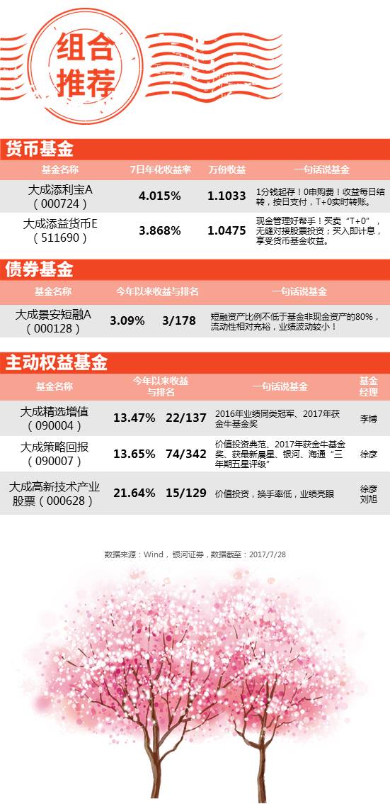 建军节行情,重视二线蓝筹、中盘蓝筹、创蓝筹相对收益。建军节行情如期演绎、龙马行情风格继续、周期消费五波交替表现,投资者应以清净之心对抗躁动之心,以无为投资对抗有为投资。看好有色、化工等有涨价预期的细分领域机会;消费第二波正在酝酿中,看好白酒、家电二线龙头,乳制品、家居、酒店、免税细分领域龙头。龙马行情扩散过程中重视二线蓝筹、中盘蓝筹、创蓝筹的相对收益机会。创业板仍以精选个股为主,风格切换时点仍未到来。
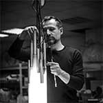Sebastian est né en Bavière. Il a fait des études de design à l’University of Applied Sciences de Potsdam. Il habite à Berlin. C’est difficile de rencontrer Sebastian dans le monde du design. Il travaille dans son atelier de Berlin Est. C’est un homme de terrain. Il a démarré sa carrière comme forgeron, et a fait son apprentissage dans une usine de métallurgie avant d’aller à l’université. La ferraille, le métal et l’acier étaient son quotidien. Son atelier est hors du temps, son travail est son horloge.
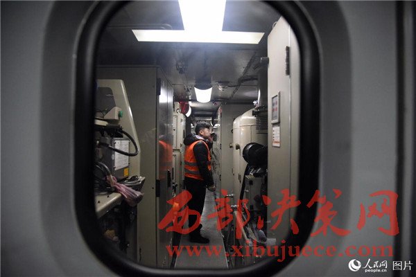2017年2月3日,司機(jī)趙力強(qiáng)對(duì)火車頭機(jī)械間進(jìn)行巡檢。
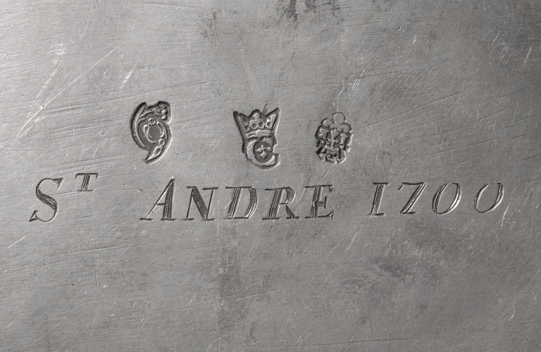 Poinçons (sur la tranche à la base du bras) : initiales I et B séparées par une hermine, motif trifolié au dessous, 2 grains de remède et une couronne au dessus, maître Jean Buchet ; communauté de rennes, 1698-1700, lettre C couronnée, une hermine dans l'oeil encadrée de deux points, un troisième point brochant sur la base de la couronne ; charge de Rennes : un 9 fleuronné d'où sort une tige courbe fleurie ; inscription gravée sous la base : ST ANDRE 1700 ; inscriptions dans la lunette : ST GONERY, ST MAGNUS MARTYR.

####################

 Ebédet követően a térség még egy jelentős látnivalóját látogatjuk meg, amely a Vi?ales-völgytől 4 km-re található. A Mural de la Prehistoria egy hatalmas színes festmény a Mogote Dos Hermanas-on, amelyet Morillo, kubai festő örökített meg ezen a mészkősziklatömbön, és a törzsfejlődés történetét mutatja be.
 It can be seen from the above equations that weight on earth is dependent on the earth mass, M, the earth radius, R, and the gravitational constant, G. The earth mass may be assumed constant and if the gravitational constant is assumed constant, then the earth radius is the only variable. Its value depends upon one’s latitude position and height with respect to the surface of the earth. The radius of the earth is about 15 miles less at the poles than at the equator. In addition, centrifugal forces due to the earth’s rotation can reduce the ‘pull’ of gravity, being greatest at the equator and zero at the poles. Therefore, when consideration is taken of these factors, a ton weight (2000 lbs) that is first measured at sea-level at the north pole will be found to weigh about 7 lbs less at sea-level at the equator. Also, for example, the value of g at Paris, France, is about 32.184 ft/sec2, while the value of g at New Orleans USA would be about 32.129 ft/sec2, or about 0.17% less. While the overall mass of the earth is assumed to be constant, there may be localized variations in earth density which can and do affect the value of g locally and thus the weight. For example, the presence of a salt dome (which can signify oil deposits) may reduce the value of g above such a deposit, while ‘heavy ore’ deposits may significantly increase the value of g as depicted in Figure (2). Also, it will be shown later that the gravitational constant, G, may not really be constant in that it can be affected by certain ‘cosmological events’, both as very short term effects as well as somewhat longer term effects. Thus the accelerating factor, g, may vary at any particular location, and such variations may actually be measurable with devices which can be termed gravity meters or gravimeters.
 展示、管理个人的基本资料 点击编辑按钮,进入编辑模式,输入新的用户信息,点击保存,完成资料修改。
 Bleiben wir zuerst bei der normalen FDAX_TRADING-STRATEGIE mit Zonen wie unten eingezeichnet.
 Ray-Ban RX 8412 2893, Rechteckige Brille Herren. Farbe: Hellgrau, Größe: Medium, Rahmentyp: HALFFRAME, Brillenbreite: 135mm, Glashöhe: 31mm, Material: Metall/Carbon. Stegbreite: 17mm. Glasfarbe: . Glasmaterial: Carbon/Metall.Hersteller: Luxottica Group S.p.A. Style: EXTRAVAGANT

####################

## What the task requires
From the listing above, repeat only the lines between the line containing "建军节行情,重视二线蓝筹、中" and the line containing "Poinçons (sur la", those two included. Pictures are not part of the copy.

## Answer below
 建军节行情,重视二线蓝筹、中盘蓝筹、创蓝筹相对收益。建军节行情如期演绎、龙马行情风格继续、周期消费五波交替表现,投资者应以清净之心对抗躁动之心,以无为投资对抗有为投资。看好有色、化工等有涨价预期的细分领域机会;消费第二波正在酝酿中,看好白酒、家电二线龙头,乳制品、家居、酒店、免税细分领域龙头。龙马行情扩散过程中重视二线蓝筹、中盘蓝筹、创蓝筹的相对收益机会。创业板仍以精选个股为主,风格切换时点仍未到来。
Sebastian est né en Bavière. Il a fait des études de design à l’University of Applied Sciences de Potsdam. Il habite à Berlin. C’est difficile de rencontrer Sebastian dans le monde du design. Il travaille dans son atelier de Berlin Est. C’est un homme de terrain. Il a démarré sa carrière comme forgeron, et a fait son apprentissage dans une usine de métallurgie avant d’aller à l’université. La ferraille, le métal et l’acier étaient son quotidien. Son atelier est hors du temps, son travail est son horloge.
2017年2月3日,司機(jī)趙力強(qiáng)對(duì)火車頭機(jī)械間進(jìn)行巡檢。
 Poinçons (sur la tranche à la base du bras) : initiales I et B séparées par une hermine, motif trifolié au dessous, 2 grains de remède et une couronne au dessus, maître Jean Buchet ; communauté de rennes, 1698-1700, lettre C couronnée, une hermine dans l'oeil encadrée de deux points, un troisième point brochant sur la base de la couronne ; charge de Rennes : un 9 fleuronné d'où sort une tige courbe fleurie ; inscription gravée sous la base : ST ANDRE 1700 ; inscriptions dans la lunette : ST GONERY, ST MAGNUS MARTYR.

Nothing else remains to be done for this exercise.